Precedence (most specific wins): "Provider:model" > "Provider" > built-in default.

show-config [--provider P] [--quality Q] [--model M] [--voice V]

Dumps the effective RuntimeSettings after merging env vars, config.json, and CLI flags. Useful for debugging an AI integration.

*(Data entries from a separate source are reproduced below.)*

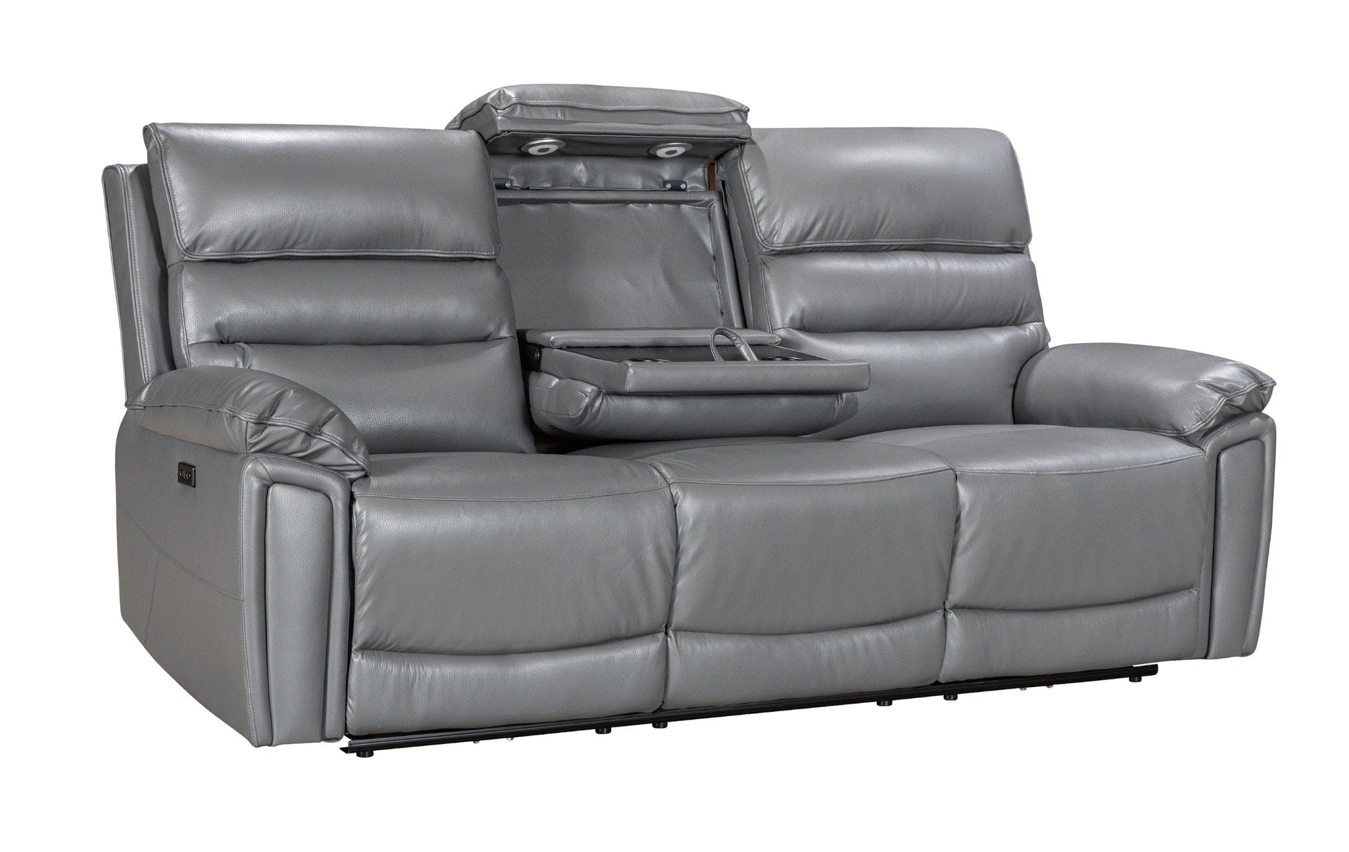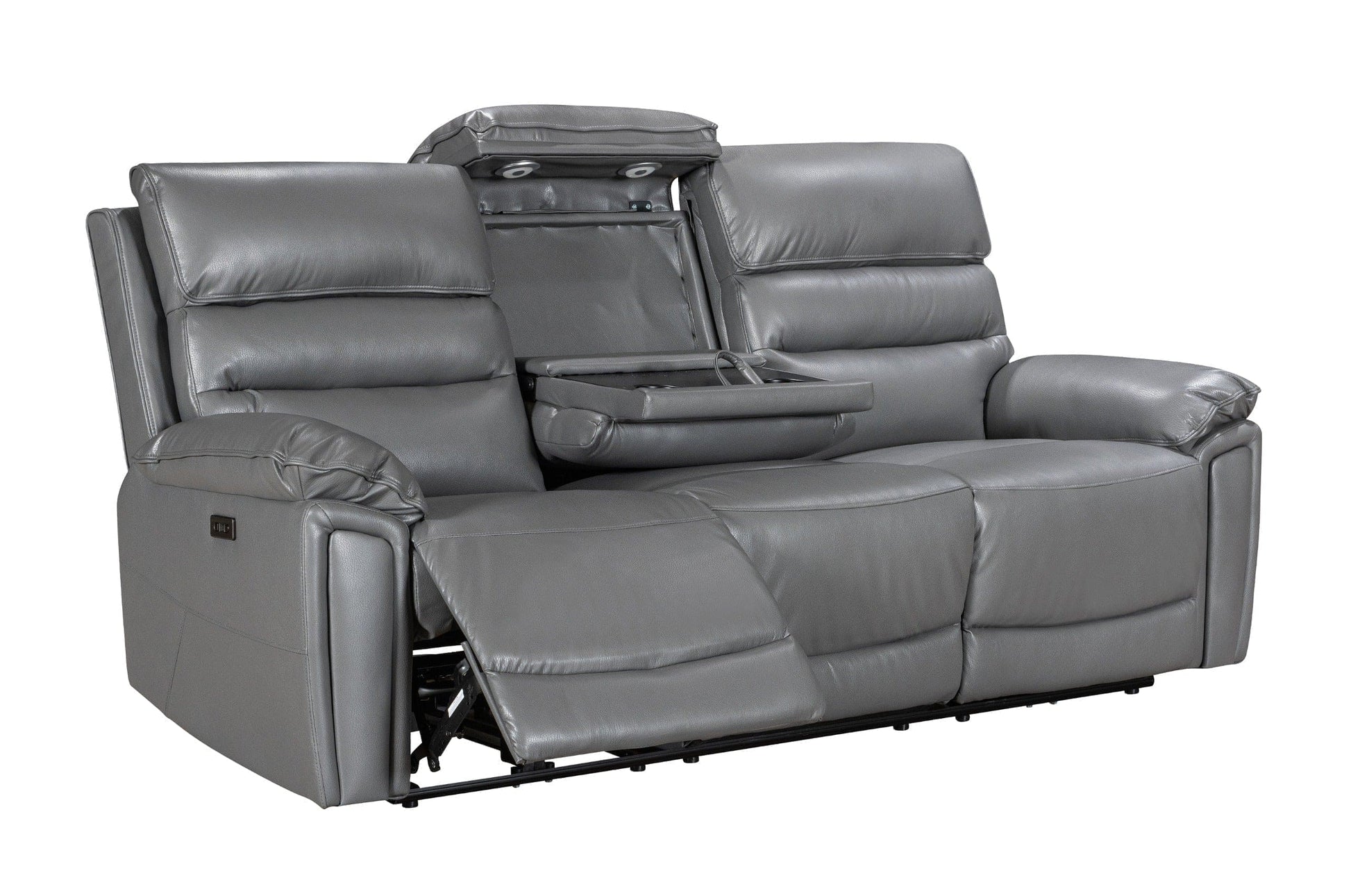 Donald Grey Leather Electric / Power Reclining 3 Seater Sofa With Drinks Coolers USB Charging Ports & Drop Down Tray Table
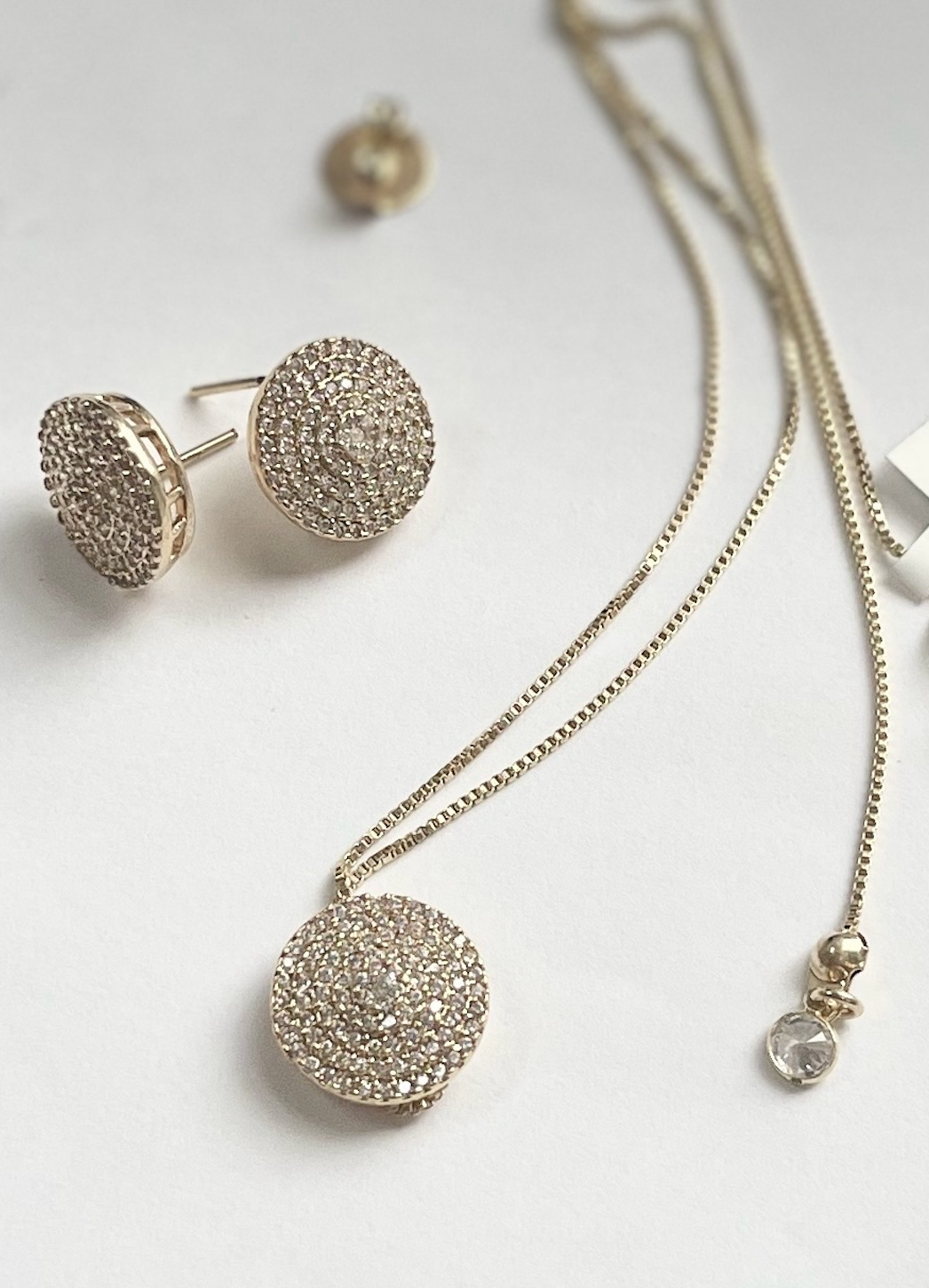 Earrings and pendant. Encrusted with sparkling cubic zirconia, this set brings together the perfect combination of luxury, sophistication, and radiant beauty, making it the ideal choice for any occasion—whether it’s a formal evening, a special celebration, or an everyday touch of elegance.
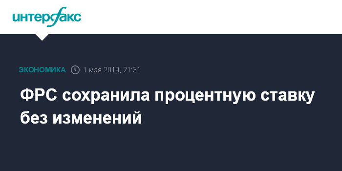 Москва. 1 мая. INTERFAX.RU - Федеральная резервная система (ФРС) по итогам заседания, проходившего 30 апреля и 1 мая, сохранила процентную ставку по федеральным кредитным средствам (federal funds rate) в диапазоне от 2,25% до 2,5% годовых, говорится в коммюнике Федерального комитета по открытым рынкам (FOMC).
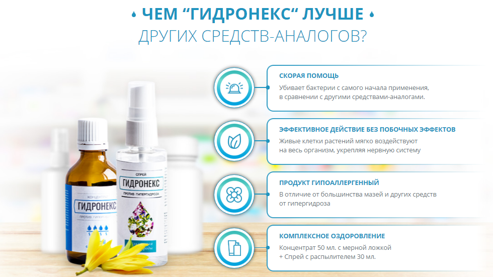 Відносно нове і від того поки не всім відомий засіб гидронекс від пітливості, яке позиціонується виробником як ефективний препарат, здатний вирішити проблему гіпергідрозу всього за один курс використання. Автори чудодійного засобу запевняють, що після проходження курсу лікування зникне пітливість, а її місце займуть гарний настрій та впевненість у собі.
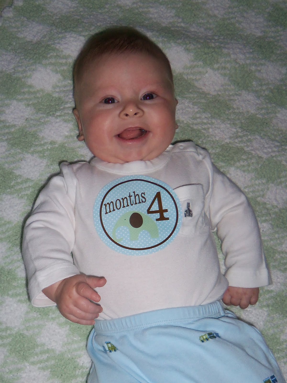 At four months, Henry is weighing in at just under 17 pounds! He is snugly and smiley and we just love him to pieces. In the past month, Henry has rolled over (front to back) four times and mastered his Bumbo seat. We also started putting him in the ExerSaucer, which we call his office, and he loves it! He has become a little drooly and puts everything in his mouth. Henry loves chewing on his hands and "talking" at the top of his lungs! Henry ADORES Sophia and is her biggest fan. He can't take his eyes off of her when she is in the room.Both, Sophia and Henry, had their check-ups yesterday (Thanks, Pop for your assistance!) and they both got glowing reports. Raph and I are so thankful to have such beautiful and healthy children!
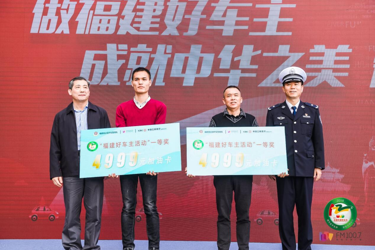 為了倡導文明安全行車,今年10月,中國工商銀行福建省分行與省公安廳交警總隊、FM100.7福建交通(應急)廣播,共同舉辦“做福建好車主,成就中華之美”大型公益評選活動。活動當天將揭曉好車主1名特等獎,獲得東南汽車1年使用權,以及2名一等獎,各獲得一張4999元油卡。活動現場還將進行人保財險福建分公司為中小學校贈送交通安全宣教魔法箱儀式,組織郵政和美團電動自行車騎手代表進行安全宣誓,並進行騎行宣傳。

python cli.py --json show-config --provider Kokoro
# {"provider": "Kokoro", "model": "kokoro-82m", "voice": "af_heart", ...,
#  "chunk_max": 2000, "openai_api_key_present": true}

synthesize (main command)

python cli.py synthesize --input book.md --output audiobook.mp3 \
    --provider OpenAI --model tts-1 --voice nova --quality "Best Quality"

Flags

Flag Required Default Notes
--input PATH yes .txt / .md / .markdown. Markdown stripped of syntax.
--output PATH yes .mp3. Parent dir created if missing.
--provider {OpenAI,Ollama,Kokoro} no from config
--model NAME no provider default
--voice NAME no provider default
--quality {Balanced,"Best Quality",Fast} no Balanced OpenAI: changes model + speed
--chunk-max N no resolved via chunk_policy overrides any other source
--speed FLOAT no preset value post-applied
--max-concurrency N no 2 clamped to 1 for local providers
--openai-api-key KEY no env / key.txt
--ollama-base-url URL no env / default
--quiet no false suppress per-chunk status
--dry-run no false validate + print plan, don't synthesize

JSON Lines events (--json synthesize)

event fields when
start provider, model, voice, chunks, chunk_max, output once at start
dry-run same as start, plus event=dry-run replaces start when --dry-run
status message per chunk-level status (unless --quiet)
complete output, duration_ms, chunks once at end on success
error stage, message on any failure; stage ∈ {input, validation, provider, synthesis}

Each event is one parseable JSON object per line. Stream-friendly for tail+parse.

Example: dry-run

python cli.py --json synthesize \
    --input chapter1.md --output chapter1.mp3 \
    --provider Kokoro --voice af_heart --dry-run
# {"event": "dry-run", "provider": "Kokoro", "model": "kokoro-82m", "voice": "af_heart",
#  "chunks": 14, "chunk_max": 2000, "output": "chapter1.mp3"}

Example: AI agent integration

import json, subprocess
proc = subprocess.run(
    ["python", "cli.py", "--json", "synthesize",
     "--input", "draft.md", "--output", "draft.mp3",
     "--provider", "OpenAI", "--voice", "nova"],
    capture_output=True, text=True, check=False,
)
for line in proc.stdout.splitlines():
    event = json.loads(line)
    if event["event"] == "complete":
        print(f"Done in {event['duration_ms']}ms")
    elif event["event"] == "error":
        raise RuntimeError(event["message"])
if proc.returncode != 0:
    raise SystemExit(proc.returncode)

Environment variables

Var Purpose
OPENAI_API_KEY OpenAI Bearer token (else key.txt)
OLLAMA_BASE_URL Ollama endpoint (default http://localhost:11434)
HF_HOME HuggingFace cache (Kokoro model location)
TTS_MAX_CONCURRENCY Max parallel chunks for hosted providers

CLI flags override env vars override config.json override built-in defaults.